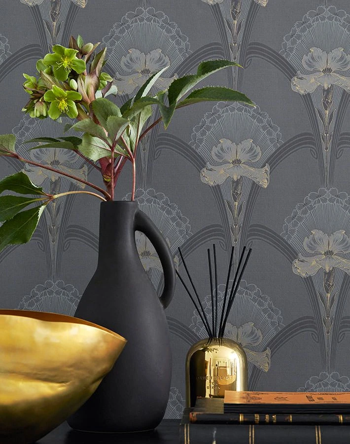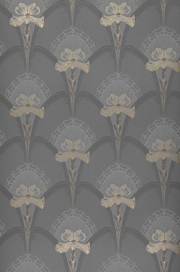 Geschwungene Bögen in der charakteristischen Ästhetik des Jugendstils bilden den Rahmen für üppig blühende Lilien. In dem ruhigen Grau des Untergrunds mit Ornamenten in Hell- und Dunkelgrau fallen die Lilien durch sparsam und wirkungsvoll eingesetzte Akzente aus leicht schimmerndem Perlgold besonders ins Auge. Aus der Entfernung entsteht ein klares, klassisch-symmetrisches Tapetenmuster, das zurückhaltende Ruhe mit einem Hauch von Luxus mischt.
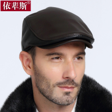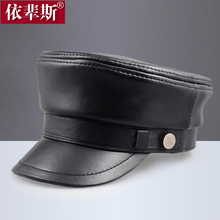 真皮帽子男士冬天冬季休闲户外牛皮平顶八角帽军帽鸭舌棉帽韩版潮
--
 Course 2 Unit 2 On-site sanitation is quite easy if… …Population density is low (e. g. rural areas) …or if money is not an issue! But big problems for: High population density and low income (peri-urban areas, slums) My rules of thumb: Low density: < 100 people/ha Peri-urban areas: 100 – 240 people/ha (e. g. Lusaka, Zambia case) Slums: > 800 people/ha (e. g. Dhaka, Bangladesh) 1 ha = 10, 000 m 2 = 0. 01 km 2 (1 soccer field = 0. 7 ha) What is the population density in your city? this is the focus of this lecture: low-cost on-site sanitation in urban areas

REQUIREMENT> For this exercise, please set down exactly the lines of the listing above from the line with "Geschwungene Bögen in" up to and including the line with "真皮帽子男士冬天冬季休闲户外牛皮平顶八角帽军帽鸭舌棉帽韩版潮", and no pictures.

ANSWER FOR THE TASK>
 Geschwungene Bögen in der charakteristischen Ästhetik des Jugendstils bilden den Rahmen für üppig blühende Lilien. In dem ruhigen Grau des Untergrunds mit Ornamenten in Hell- und Dunkelgrau fallen die Lilien durch sparsam und wirkungsvoll eingesetzte Akzente aus leicht schimmerndem Perlgold besonders ins Auge. Aus der Entfernung entsteht ein klares, klassisch-symmetrisches Tapetenmuster, das zurückhaltende Ruhe mit einem Hauch von Luxus mischt.
 真皮帽子男士冬天冬季休闲户外牛皮平顶八角帽军帽鸭舌棉帽韩版潮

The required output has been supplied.